▸ EXERCISE REQUIREMENTS
Lines from the beginning of the data through the line containing "Audemars Piguet created" are to be copied exactly, with no other line included.

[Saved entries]

BEGIN

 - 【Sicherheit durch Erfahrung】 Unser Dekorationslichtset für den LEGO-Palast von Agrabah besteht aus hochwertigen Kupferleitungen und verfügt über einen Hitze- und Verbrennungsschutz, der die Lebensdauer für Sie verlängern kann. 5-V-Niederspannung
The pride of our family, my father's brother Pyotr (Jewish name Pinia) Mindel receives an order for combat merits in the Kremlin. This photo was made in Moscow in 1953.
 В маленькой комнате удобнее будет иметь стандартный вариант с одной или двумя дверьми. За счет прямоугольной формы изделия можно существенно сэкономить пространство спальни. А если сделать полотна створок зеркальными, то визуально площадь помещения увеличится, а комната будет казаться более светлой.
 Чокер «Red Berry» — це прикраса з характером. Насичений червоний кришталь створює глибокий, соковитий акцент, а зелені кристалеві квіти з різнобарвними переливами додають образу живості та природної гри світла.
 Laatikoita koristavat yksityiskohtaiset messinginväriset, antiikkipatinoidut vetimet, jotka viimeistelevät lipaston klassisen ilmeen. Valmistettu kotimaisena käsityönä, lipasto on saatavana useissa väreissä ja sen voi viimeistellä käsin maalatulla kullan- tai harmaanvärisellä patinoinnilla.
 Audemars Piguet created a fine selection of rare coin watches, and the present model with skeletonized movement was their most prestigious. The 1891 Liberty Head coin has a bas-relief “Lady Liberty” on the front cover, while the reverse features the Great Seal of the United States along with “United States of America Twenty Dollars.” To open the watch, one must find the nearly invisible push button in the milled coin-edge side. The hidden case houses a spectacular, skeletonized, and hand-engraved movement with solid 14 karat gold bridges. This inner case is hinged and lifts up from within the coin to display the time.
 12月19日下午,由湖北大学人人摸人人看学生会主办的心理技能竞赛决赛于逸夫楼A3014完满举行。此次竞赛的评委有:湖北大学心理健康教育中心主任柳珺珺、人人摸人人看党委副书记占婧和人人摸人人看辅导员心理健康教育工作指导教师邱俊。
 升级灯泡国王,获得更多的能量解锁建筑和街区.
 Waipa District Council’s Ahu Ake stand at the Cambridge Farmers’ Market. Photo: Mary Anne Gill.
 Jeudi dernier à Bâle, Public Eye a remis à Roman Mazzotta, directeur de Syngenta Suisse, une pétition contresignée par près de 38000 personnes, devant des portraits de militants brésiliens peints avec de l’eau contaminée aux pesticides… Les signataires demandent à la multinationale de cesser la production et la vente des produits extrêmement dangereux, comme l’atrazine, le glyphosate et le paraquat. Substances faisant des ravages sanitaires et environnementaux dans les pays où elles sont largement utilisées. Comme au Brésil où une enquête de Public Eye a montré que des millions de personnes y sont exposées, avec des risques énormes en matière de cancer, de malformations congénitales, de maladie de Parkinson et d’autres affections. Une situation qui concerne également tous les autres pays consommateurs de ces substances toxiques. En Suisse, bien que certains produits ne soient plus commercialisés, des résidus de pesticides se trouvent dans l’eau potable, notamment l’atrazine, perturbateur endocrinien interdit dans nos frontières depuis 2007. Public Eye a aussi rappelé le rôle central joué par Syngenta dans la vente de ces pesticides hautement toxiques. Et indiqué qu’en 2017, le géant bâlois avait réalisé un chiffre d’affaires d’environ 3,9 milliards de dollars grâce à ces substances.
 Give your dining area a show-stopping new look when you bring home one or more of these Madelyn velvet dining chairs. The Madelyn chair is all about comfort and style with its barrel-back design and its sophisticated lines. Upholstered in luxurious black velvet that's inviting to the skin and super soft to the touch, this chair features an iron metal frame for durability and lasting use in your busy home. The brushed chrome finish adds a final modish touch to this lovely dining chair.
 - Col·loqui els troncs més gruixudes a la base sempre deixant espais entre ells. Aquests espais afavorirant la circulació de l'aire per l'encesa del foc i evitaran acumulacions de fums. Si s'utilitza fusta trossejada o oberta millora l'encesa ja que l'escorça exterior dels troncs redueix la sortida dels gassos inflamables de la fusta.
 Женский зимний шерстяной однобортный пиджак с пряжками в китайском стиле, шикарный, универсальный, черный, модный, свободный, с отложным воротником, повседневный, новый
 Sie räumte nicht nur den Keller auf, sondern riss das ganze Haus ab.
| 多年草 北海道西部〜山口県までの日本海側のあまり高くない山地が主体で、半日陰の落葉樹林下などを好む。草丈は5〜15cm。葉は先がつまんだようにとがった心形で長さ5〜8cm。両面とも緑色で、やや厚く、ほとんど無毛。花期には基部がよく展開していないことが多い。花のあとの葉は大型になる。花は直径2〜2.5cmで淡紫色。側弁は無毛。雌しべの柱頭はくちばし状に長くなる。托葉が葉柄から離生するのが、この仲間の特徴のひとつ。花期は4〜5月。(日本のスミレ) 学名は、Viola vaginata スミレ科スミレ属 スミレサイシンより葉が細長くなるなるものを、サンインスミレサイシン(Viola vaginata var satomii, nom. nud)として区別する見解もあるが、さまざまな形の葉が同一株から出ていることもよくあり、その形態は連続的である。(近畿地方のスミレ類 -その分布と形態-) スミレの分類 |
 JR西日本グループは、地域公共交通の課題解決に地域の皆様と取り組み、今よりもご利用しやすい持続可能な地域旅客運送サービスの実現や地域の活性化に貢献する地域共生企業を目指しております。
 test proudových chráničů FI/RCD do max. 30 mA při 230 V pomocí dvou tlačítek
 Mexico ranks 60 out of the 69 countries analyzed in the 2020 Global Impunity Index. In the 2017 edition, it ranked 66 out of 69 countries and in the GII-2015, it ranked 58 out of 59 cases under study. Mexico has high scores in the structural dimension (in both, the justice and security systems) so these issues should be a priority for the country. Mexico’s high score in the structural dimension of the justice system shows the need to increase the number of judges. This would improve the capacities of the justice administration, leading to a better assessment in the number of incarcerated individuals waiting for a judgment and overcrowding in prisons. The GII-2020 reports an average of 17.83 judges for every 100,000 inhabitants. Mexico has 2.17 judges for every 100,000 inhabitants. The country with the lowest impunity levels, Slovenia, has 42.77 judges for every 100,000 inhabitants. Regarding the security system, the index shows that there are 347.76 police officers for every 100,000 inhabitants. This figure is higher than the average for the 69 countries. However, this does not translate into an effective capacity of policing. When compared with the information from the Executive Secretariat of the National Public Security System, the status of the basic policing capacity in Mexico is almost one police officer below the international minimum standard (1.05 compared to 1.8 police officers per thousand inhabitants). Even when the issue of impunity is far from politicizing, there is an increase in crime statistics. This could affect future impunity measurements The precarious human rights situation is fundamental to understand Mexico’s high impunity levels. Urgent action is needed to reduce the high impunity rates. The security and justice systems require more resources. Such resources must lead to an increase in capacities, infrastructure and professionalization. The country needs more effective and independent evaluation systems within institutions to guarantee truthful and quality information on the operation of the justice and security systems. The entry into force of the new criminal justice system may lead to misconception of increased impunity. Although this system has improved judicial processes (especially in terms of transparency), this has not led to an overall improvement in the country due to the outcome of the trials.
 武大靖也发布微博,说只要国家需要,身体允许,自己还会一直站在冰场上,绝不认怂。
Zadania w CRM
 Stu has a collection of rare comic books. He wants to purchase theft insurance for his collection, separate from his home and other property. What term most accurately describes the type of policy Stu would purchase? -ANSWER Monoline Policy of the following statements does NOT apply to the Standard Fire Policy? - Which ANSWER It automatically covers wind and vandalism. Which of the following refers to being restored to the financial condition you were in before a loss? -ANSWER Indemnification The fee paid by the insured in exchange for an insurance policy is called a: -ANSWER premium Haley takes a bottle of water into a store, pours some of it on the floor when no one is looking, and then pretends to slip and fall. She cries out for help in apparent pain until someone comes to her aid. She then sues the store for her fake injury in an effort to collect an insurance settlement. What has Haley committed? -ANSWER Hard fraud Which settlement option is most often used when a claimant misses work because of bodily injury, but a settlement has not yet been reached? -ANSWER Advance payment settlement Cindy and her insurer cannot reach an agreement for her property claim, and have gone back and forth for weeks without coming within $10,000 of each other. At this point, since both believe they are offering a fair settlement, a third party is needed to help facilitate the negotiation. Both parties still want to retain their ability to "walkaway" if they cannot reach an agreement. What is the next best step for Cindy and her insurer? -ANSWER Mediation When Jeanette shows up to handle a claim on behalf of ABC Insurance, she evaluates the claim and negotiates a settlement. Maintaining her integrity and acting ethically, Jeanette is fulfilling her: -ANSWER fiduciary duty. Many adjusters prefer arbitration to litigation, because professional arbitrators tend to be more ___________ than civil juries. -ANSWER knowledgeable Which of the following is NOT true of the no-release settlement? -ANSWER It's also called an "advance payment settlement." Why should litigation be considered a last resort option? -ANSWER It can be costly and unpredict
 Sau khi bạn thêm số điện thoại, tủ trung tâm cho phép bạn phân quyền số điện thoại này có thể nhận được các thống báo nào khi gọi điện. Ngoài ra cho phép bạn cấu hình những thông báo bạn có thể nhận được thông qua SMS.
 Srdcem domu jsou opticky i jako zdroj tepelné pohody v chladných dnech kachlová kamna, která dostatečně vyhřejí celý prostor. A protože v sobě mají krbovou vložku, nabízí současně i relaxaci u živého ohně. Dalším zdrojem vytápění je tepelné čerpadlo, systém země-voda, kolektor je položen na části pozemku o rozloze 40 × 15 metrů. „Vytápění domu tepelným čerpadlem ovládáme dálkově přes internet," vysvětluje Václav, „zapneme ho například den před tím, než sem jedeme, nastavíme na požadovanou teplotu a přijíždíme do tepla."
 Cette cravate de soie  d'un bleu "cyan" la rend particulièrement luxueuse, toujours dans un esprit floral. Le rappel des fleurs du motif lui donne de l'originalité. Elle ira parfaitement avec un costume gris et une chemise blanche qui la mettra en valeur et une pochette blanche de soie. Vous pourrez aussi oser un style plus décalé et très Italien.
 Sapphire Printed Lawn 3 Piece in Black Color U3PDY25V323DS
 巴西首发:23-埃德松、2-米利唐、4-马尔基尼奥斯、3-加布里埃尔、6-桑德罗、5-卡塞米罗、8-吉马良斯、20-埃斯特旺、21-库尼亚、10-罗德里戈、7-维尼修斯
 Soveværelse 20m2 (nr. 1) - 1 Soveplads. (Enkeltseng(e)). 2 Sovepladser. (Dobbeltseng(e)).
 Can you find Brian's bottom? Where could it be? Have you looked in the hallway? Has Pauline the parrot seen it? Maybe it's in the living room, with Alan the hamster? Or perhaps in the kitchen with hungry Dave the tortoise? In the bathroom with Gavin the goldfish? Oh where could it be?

END

▸ YOUR RESPONSE
 - 【Sicherheit durch Erfahrung】 Unser Dekorationslichtset für den LEGO-Palast von Agrabah besteht aus hochwertigen Kupferleitungen und verfügt über einen Hitze- und Verbrennungsschutz, der die Lebensdauer für Sie verlängern kann. 5-V-Niederspannung
The pride of our family, my father's brother Pyotr (Jewish name Pinia) Mindel receives an order for combat merits in the Kremlin. This photo was made in Moscow in 1953.
 В маленькой комнате удобнее будет иметь стандартный вариант с одной или двумя дверьми. За счет прямоугольной формы изделия можно существенно сэкономить пространство спальни. А если сделать полотна створок зеркальными, то визуально площадь помещения увеличится, а комната будет казаться более светлой.
 Чокер «Red Berry» — це прикраса з характером. Насичений червоний кришталь створює глибокий, соковитий акцент, а зелені кристалеві квіти з різнобарвними переливами додають образу живості та природної гри світла.
 Laatikoita koristavat yksityiskohtaiset messinginväriset, antiikkipatinoidut vetimet, jotka viimeistelevät lipaston klassisen ilmeen. Valmistettu kotimaisena käsityönä, lipasto on saatavana useissa väreissä ja sen voi viimeistellä käsin maalatulla kullan- tai harmaanvärisellä patinoinnilla.
 Audemars Piguet created a fine selection of rare coin watches, and the present model with skeletonized movement was their most prestigious. The 1891 Liberty Head coin has a bas-relief “Lady Liberty” on the front cover, while the reverse features the Great Seal of the United States along with “United States of America Twenty Dollars.” To open the watch, one must find the nearly invisible push button in the milled coin-edge side. The hidden case houses a spectacular, skeletonized, and hand-engraved movement with solid 14 karat gold bridges. This inner case is hinged and lifts up from within the coin to display the time.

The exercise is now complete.